> Supplied material:
====================

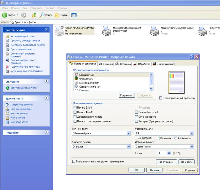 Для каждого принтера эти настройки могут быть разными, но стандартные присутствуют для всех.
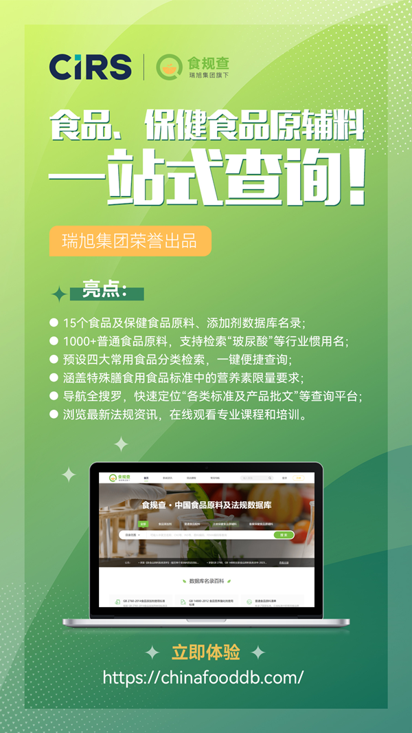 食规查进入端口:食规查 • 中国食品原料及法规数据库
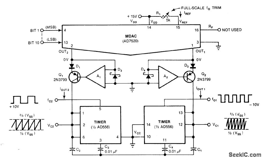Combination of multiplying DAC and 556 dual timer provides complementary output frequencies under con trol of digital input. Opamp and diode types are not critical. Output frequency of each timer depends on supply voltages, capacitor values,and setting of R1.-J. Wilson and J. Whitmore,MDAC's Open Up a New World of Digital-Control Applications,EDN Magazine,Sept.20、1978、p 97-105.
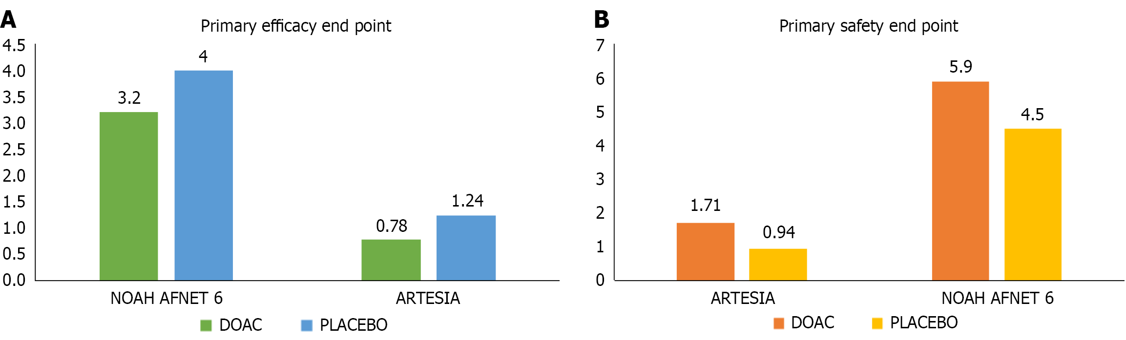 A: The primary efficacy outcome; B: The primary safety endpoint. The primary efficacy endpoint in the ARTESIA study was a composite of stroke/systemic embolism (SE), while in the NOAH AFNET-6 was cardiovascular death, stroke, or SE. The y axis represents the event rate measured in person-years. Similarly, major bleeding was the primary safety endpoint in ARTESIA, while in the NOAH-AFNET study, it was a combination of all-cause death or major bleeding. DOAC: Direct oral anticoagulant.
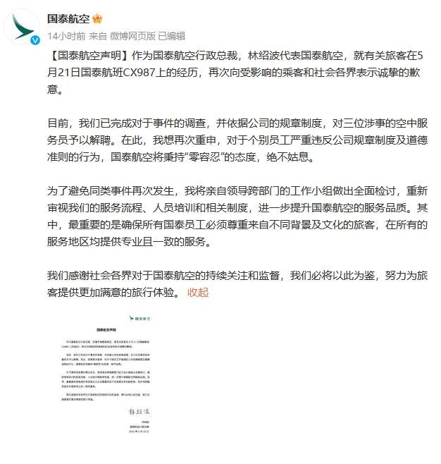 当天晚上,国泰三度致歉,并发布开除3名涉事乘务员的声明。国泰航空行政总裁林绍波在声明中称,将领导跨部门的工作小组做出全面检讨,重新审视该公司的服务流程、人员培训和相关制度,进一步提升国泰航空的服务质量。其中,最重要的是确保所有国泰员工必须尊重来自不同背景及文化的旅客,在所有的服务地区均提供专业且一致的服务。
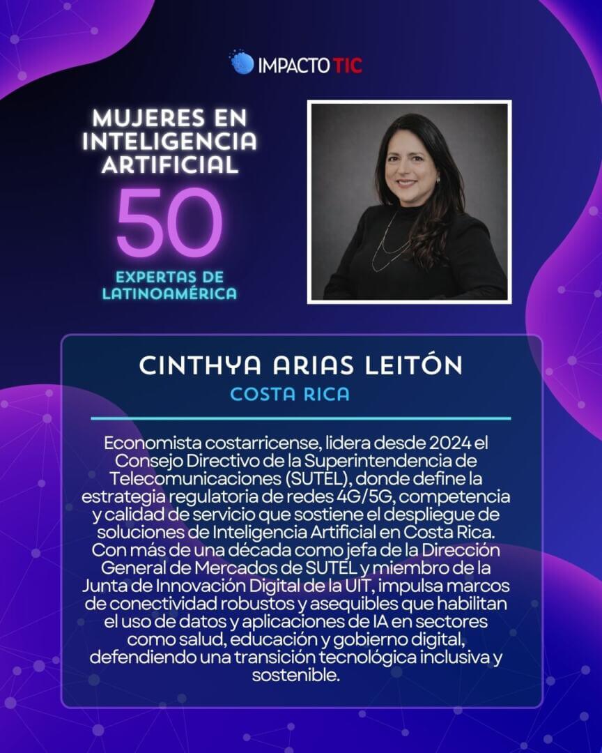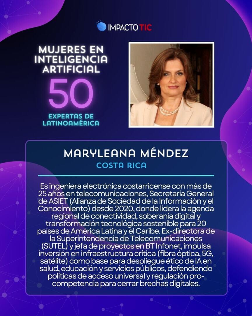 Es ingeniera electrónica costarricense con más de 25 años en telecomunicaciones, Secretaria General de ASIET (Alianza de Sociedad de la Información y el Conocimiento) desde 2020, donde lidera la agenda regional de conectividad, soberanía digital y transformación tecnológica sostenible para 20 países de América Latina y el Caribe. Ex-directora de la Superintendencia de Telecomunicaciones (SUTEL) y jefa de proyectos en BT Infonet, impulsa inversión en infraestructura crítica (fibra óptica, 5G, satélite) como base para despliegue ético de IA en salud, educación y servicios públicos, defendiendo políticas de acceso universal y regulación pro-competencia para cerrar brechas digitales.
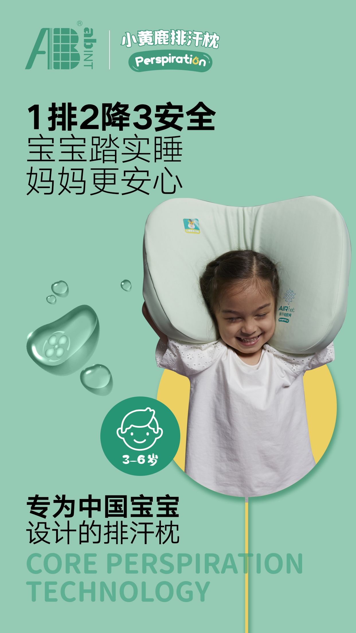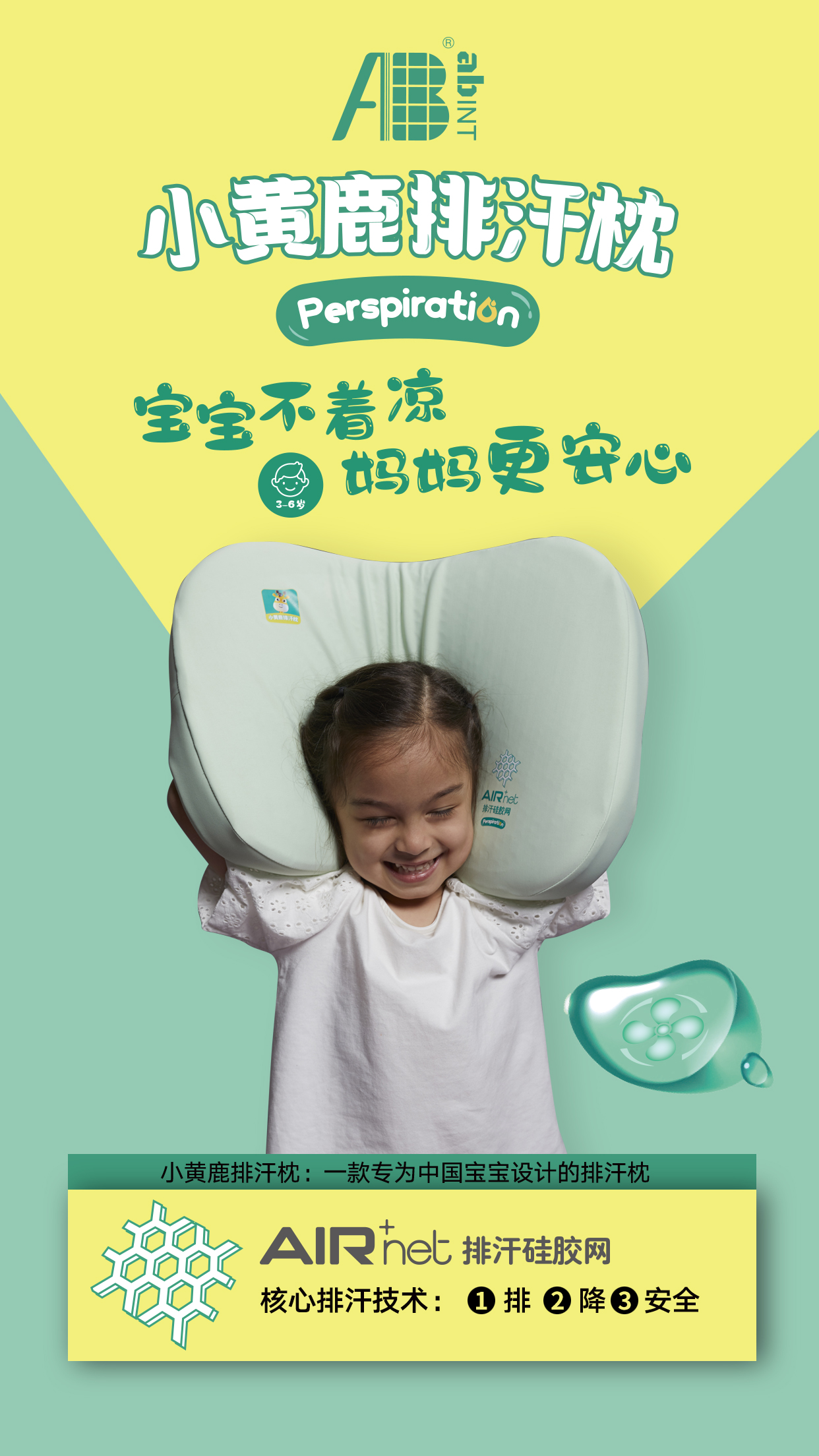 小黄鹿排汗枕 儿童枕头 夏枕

====================

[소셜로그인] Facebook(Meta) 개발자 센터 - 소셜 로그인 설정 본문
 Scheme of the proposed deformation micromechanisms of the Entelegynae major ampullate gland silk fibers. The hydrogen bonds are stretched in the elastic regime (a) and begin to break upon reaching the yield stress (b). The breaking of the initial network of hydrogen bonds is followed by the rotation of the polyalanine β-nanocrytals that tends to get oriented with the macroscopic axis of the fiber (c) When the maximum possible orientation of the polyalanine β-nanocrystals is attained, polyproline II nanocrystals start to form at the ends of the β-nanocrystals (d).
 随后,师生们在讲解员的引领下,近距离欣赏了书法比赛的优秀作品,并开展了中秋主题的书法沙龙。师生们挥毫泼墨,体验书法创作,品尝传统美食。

====================

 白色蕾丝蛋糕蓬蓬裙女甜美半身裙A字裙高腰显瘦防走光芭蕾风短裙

====================

> About this exercise: Here the job is to copy the stretch of records from the line containing "Для каждого принтера" through the line containing "Combination of multiplying", word for word. Leave every picture out.

> Written response:
 Для каждого принтера эти настройки могут быть разными, но стандартные присутствуют для всех.
 食规查进入端口:食规查 • 中国食品原料及法规数据库
Combination of multiplying DAC and 556 dual timer provides complementary output frequencies under con trol of digital input. Opamp and diode types are not critical. Output frequency of each timer depends on supply voltages, capacitor values,and setting of R1.-J. Wilson and J. Whitmore,MDAC's Open Up a New World of Digital-Control Applications,EDN Magazine,Sept.20、1978、p 97-105.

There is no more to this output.